The instance-based classifiers have advantages over parameter-laden algorithms in that they can be directly applied to previously unseen and mutable datasets [43]. Instance-based methods calculate the class label of query time series by computing its similarity to all the time series in the training set and the label is determined by its nearest neighbor. Thus, few parameters need to be tuned. In this paper, we focus on the instance-based method. The most prevalent similarity measure in time series domain is DTW. The NN-DTW has been widely used for TSC and experimental results demonstrate that it is not easy to beat on many datasets. However, using conventional NN-DTW to predict class labels is somewhat slow because DTW has quadratic time complexity.

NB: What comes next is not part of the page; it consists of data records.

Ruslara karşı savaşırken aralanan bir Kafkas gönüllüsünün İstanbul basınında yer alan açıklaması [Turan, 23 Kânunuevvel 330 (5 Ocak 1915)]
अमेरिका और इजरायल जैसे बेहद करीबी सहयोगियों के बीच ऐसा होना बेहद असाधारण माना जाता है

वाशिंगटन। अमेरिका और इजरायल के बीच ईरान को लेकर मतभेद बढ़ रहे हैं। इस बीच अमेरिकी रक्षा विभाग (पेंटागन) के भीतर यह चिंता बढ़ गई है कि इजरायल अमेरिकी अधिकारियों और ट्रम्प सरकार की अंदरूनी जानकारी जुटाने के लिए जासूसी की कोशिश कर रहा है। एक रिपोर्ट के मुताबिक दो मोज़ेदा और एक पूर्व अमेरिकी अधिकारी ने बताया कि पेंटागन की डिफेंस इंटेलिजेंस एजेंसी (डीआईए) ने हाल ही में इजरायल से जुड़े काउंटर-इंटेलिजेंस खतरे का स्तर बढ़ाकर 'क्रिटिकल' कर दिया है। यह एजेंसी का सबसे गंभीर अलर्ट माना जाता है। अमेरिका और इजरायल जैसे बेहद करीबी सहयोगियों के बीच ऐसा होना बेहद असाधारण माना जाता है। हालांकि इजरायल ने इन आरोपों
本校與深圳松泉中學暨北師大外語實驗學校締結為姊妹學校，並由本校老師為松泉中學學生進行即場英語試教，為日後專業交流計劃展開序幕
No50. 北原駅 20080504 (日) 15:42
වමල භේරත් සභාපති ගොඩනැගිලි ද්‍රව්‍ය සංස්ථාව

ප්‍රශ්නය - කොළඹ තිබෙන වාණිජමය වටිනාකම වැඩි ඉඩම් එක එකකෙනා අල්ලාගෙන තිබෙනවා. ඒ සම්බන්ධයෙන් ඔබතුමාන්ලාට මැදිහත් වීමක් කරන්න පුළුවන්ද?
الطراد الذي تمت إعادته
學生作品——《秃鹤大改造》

Thus, in this paper, we propose the MDTW to accelerate NN-DTW.

We note that the idea behind MDTW can be exploited with most time series similarity measures. We use DTW as a representative example in this paper. However, it is straightforward to implement the idea for various similarity measures. It will be interesting to know the trade-off between efficiency and accuracy.

2.2 Accelerating the NN-DTW

To speed up the NN-DTW, a multitude of optimization techniques have been investigated in the past few years. Most of them can be generally divided into:

The lower bound techniques. Given any two time series T₁ and T₂, a lower bound LB (T₁, T₂) is smaller than the actual DTW distance, that is LB (T₁, T₂) ≤ DTW (T₁, T₂). Lower bound techniques accelerate the NN-DTW by quickly pruning time series that can not possibly be a nearest neighbor. Only for remaining candidates the exact DTW distance is computed. The performance of the lower bound techniques always depends on the dataset. Representative lower bound include LB_Kim [21], LB_Yi [47] and LB_Keogh [19].

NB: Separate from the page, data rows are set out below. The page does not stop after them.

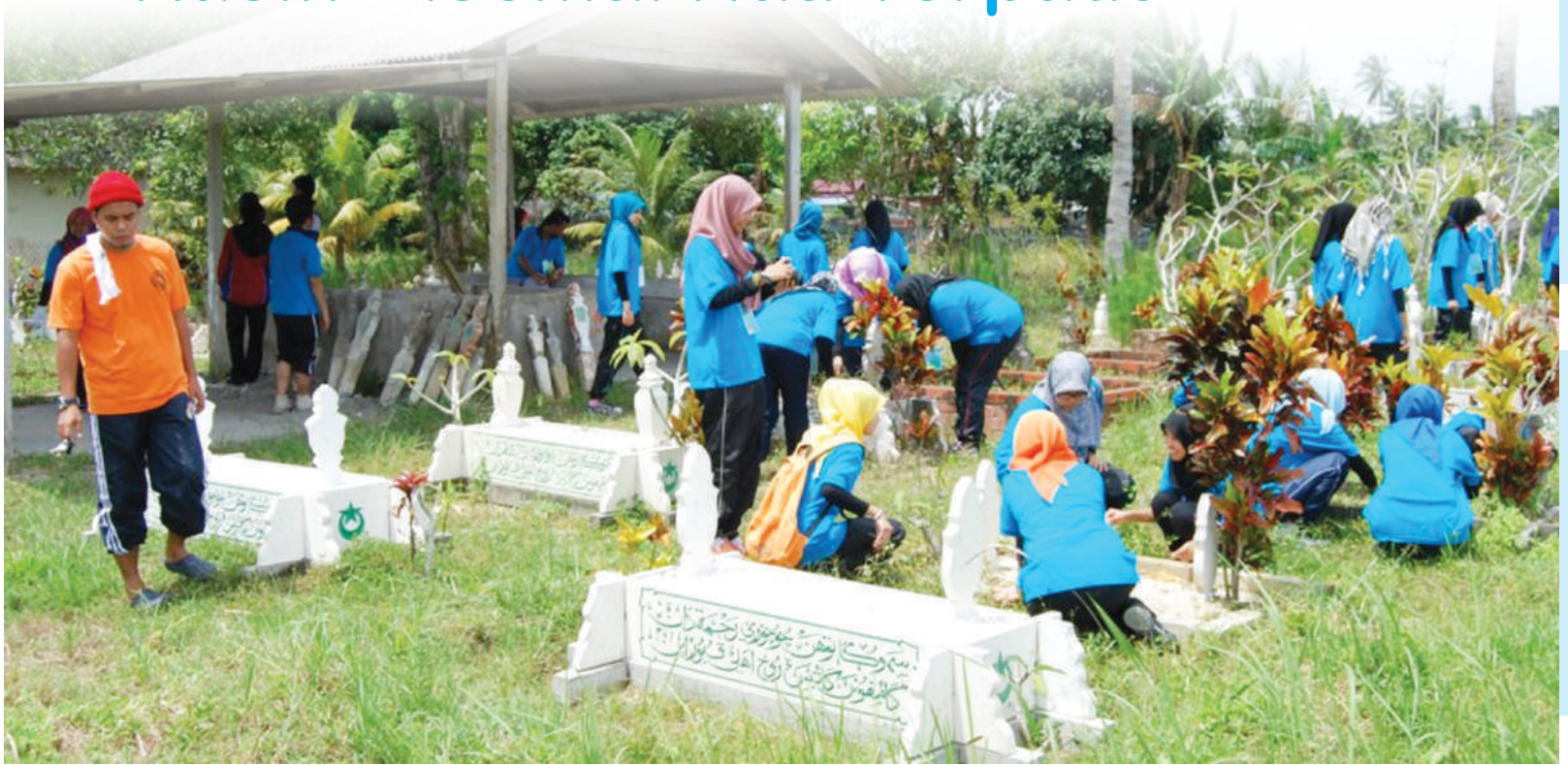
Gotong royong membersihkan kawasan kubur
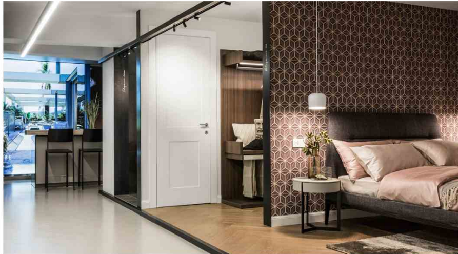
Representation of interior contextual boxes and fit - out specifications
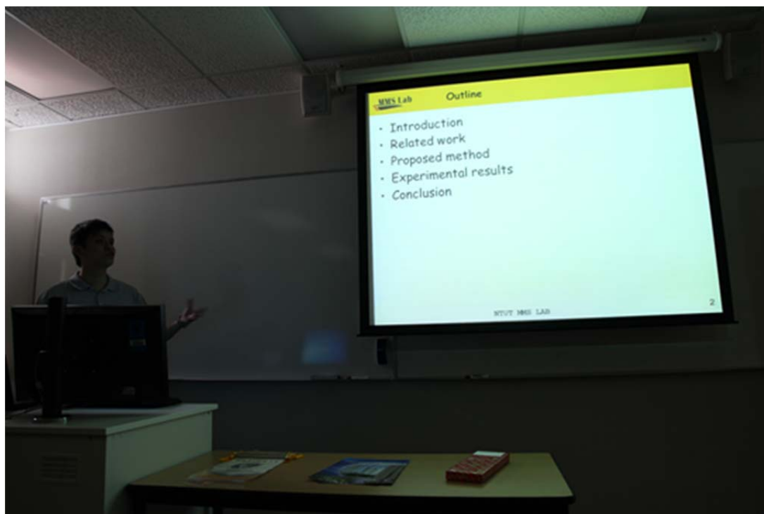
< 圖五、在研討會中作簡報 >
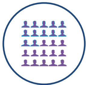
Organización & RRHH

Ven a compartir con nosotros 1 hora de formación ágil y práctica, sobre temas que te ayudarán en la gestión y organización de tu laboratorio, según las normas ISO 17025 e ISO 15189
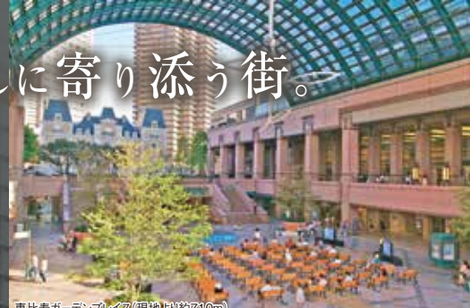
恵比寿ガーデンプレイス(現地より約710m)
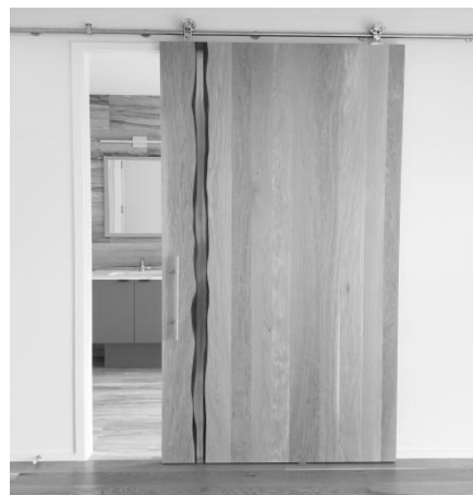
Іл.4. Двері, Алекс Бауман, 2017 [12]
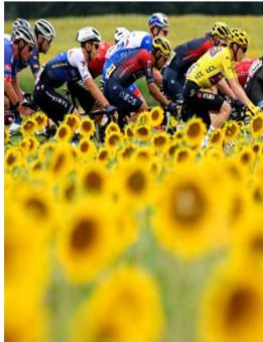
Font oficial (ASO)

Cerca de 490 000 PARTICIPANTES en los desafíos Strava del Tour de Francia y de sus socios
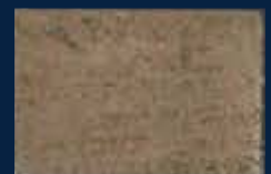
P-5° Argento 01
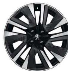
18-Zoll-Alufelgen NOLITA, glanzgedreht

DTW approximations. These approaches focus on calculating the approximate DTW distance. They provide efficiency gains by sacrificing some accuracy. For example, FastDTW [32] can be efficiently computed because it has a linear time and space complexity. However, FastDTW can not guarantees correct results as it is approximate in nature.

Time series abstraction. These methods accelerate NN-DTW by running DTW on a reduced dimensionality representation of time series. They use piecewise aggregate approximation (PAA) [18] to obtain a reduced representation of the data. Piecewise DTW (PDTW) [20] and Iterative Deepening DTW (IDDTW) [11] are two representative time series abstraction methods.

PDTW and IDDTW are two methods that share some similarities with our method MDTW. We all use the PAA technique. Our method is different from them in that:

PDTW only uses one level of approximation and the nearest neighbor is obtained at that level. The user must carefully choose the resolution; however, the best resolution depends on the dataset itself. Our method uses multilevel resolutions, and it has a refine-stage, which calculates the nearest neighbor at the original resolution. Thus, our method is more accurate and robust.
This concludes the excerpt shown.